If you set up the one dimensional motion equation in the vertical direction, what do you get? Can you find the time of flight using this?
 
Oh i didn't even see that the acceleration wasn't converted to cm! sorry for being confusing
and for the one dimensional motion equation do you mean this one?
V^2(final) = V^2(initial) + 2a(x(final) - x(initial)
but rearranged
if so I get:
-V^2(initial) = 2⋅980(99.3 - 0) - 0
V(initial) = -441.17cm/s
if I apply this to t using the quadratic formula
t = (441.17 +/- √(194628 - 4(490)(114))/2⋅490
t = 29.85s or -28.95s
yes?
 
You really should use more text. I think your first line finds the initial velocity in the right way. The answer is incorrect however, because you mix meters and cm.
You should really write something like this:
The equation for the height of the projectile is ... . Setting this to 0 and solving for t gives t = ..., Since [equation involving the x coordinatie of the projectile] the initial velocity is ...

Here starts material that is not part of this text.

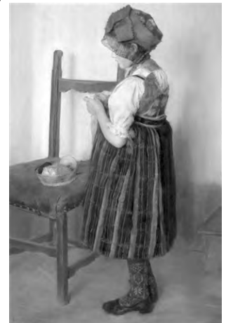
Strickendes Mädchen 1895

Das Bildnis wurde im Jahr 1894 in der Berliner Kunstausstellung unter Nummer 280 mit der Ergänzung „Alte Frau in Dachauer Tracht“ angeboten und gilt seit 1945 als verschollen. Ob eine Verbindung zum Bild der Kunsthalle Düsseldorf besteht, ist nicht zu rekonstruieren. Besondere Beachtung finden die beiden Pastelle auf Karton „Mädchen in Festtagstracht“ von 1894 im Format 100 x 70 cm und „Strickendes Mädchen“ von 1895 im Format 133 x 80 cm, das im Besitz eines Sammlers in der Schweiz ist. Im Heimatmuseum

I really have to idea what you try to do in the second line. You use the quadratic equation but I can't see why. What is the inital velociyy in the x and y direction? Give an equation for the x and y coordinate as a function of time.
 
Charlotte57 said:
and for the one dimensional motion equation do you mean this one?
I mean the one involving ##t##
$$x=x_{0}+v_{0}t+\frac{1}{2}at^{2}$$
What does this look like along the y (vertical) axis?